Alicia looked up incuriously as a com screen blinked to life. She recognized the face, but the person who had known and respected-even loved-that man was dead, and the powerful voice meant less than the brutal vibration lashing Megaira's over-stressed hull.

"Alley, I know what you're doing," the voice said, "but you don't have to. We have independent confirmation, Alley; we know who you're after, and I swear we'll get him. You've done enough-now you have to break off." Sir Arthur Keita's eyes pled with her from the screen and his voice was raw with pain yet soft. "Please, Alley. Break off. You don't have to kill nine thousand people. Don't turn yourself into the very thing you hate."

Alley? It was Megaira's pleading mental voice. Alley, they know about Treadwell. You don't have to-

"It doesn't matter! They knew about Watts and let the bastard live! You think someone like Treadwell won't have something to trade them for his life?!"

But Uncle Arthur's given you his word! Please, Alley! Don't make me help you kill yourself!

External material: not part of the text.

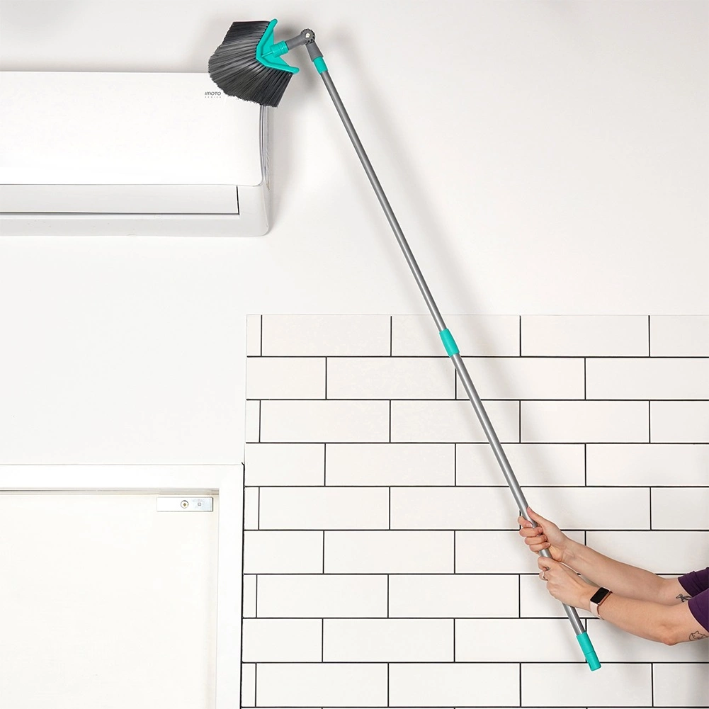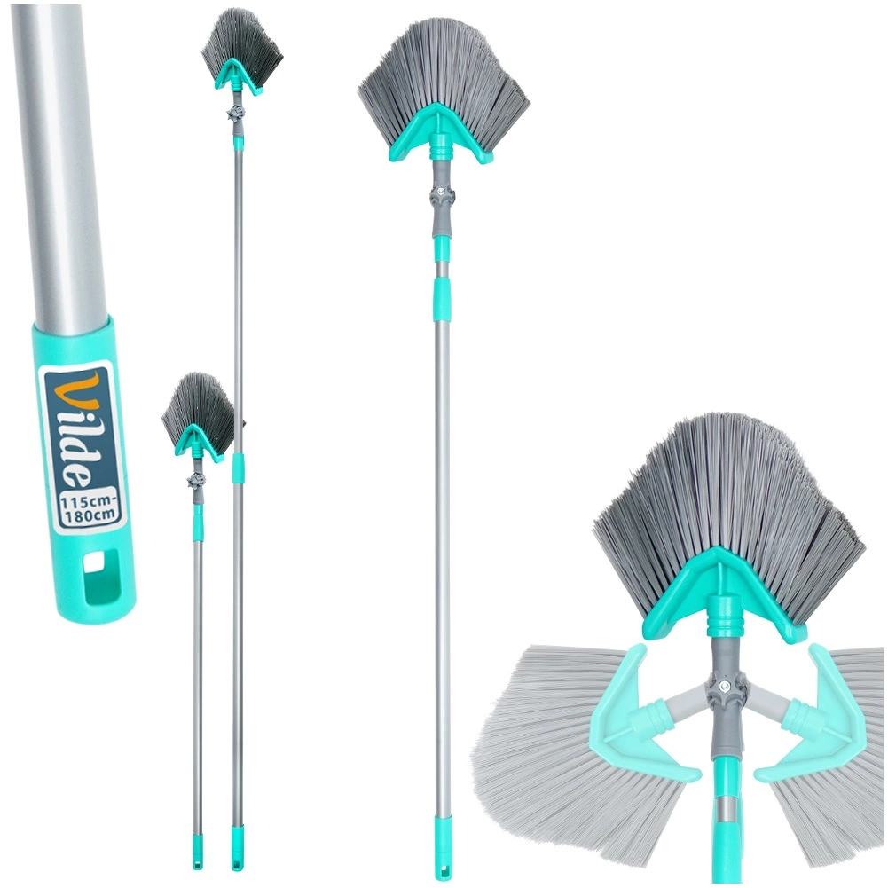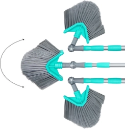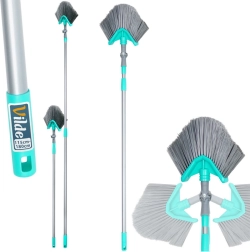 Ta uniwersalna miotła z teleskopowym trzonkiem poradzi sobie ze sprzątaniem także w trudno dostępnych miejscach. Trójkątna głowica z możliwością obracania i ustawiania pod kątem precyzyjnie czyści narożniki, krawędzie przy suficie oraz górne półki. Dzięki płynnej regulacji długości 115–180 cm łatwo dopasowuje się do Twoich potrzeb i ogranicza konieczność używania drabiny.

Alicia only snarled in response. She turned her eyes from the screen where Keita's face still begged her to relent. She closed her ears to his voice, and deep at her very core, where even she could no longer hear it, a lost soul sobbed in torment. She locked her attention on Orbit One, ignoring the SLAMs still flashing towards her. All that mattered was that distant sphere of battle steel. Her smoking bloodlust craved the destruction to come-and the last, dying fragment of the person she once had been embraced it as her only escape from what she had become.

* * *

"She's not breaking off," Tannis whispered, and Keita nodded. Ten minutes had passed since Alicia must have received their message, and Megaira held her course unflinchingly. He glanced at the plot. The dispatch boat had crossed Soisson's orbit eleven minutes ago, and the range to Megaira had fallen to thirty light-minutes. The handful of warships in the system were converging on the alpha-synth, but none of them could reach her in time.

He closed his eyes, then turned to the dispatch boat's commander.

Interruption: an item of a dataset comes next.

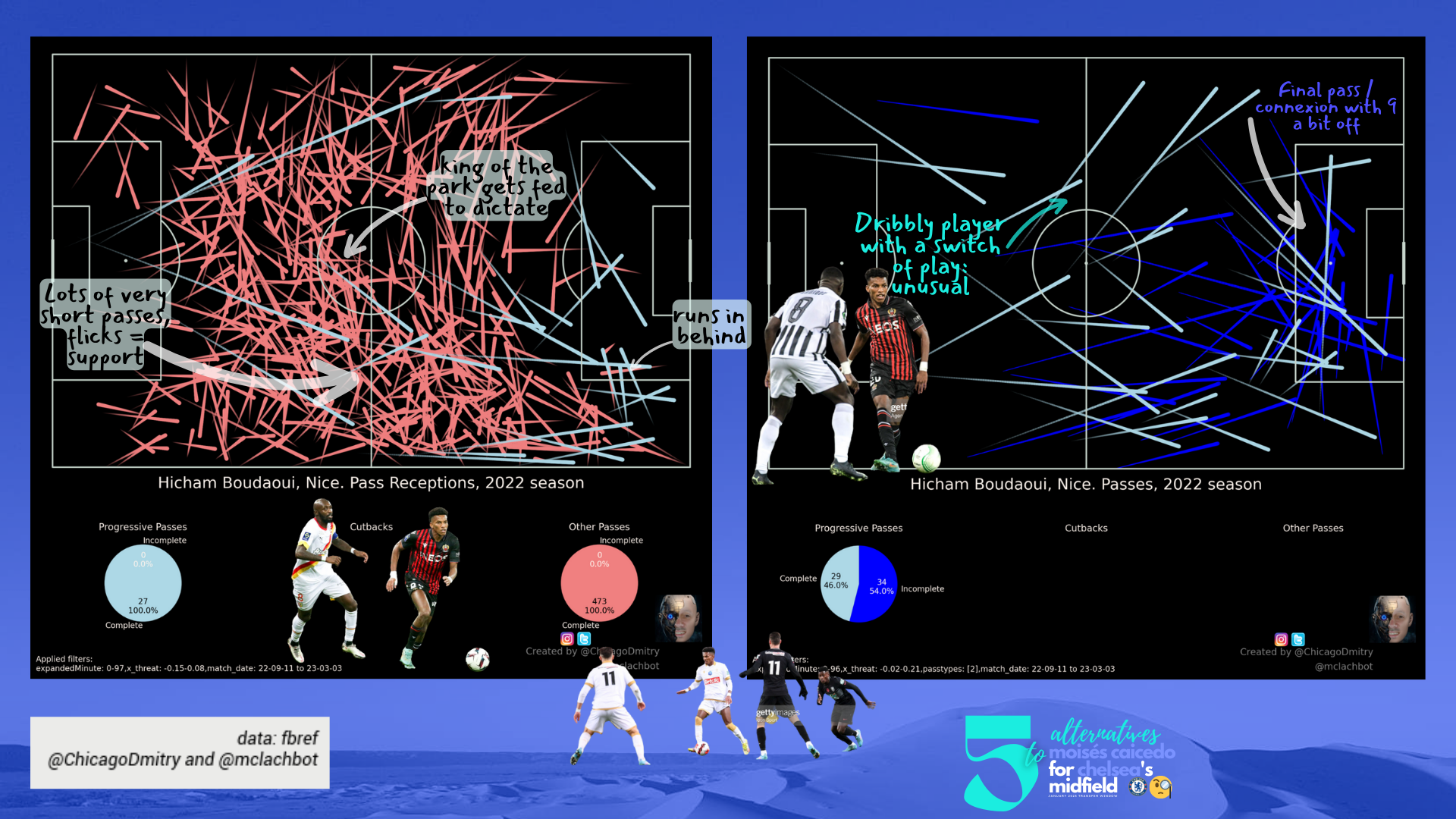In terms of progressive passes, Boudaoui has some nice “progressive” crossfield passes, on the ground or in the air.

"I need two volunteers. One in the engine room and one on the helm. Put the rest of your people into your shuttle and get out of here."

The lieutenant looked up in confusion, but Ben Belkassem understood.

"I'm a pretty fair helmsman, Sir Arthur," he said.

"What-?"

Tannis broke off, eyes widening, and stared mutely at Keita. The brigadier gazed back, sad eyes unflinching, and she bit her lip.

"Go with them, Tannis," he said gently.

"No. Let me talk to her! I can stop her-I know I can!"

"There's no time … and there's only one shuttle. If you don't leave now, you can't leave at all."

"I know," she said, and he started to make it an order, then sighed.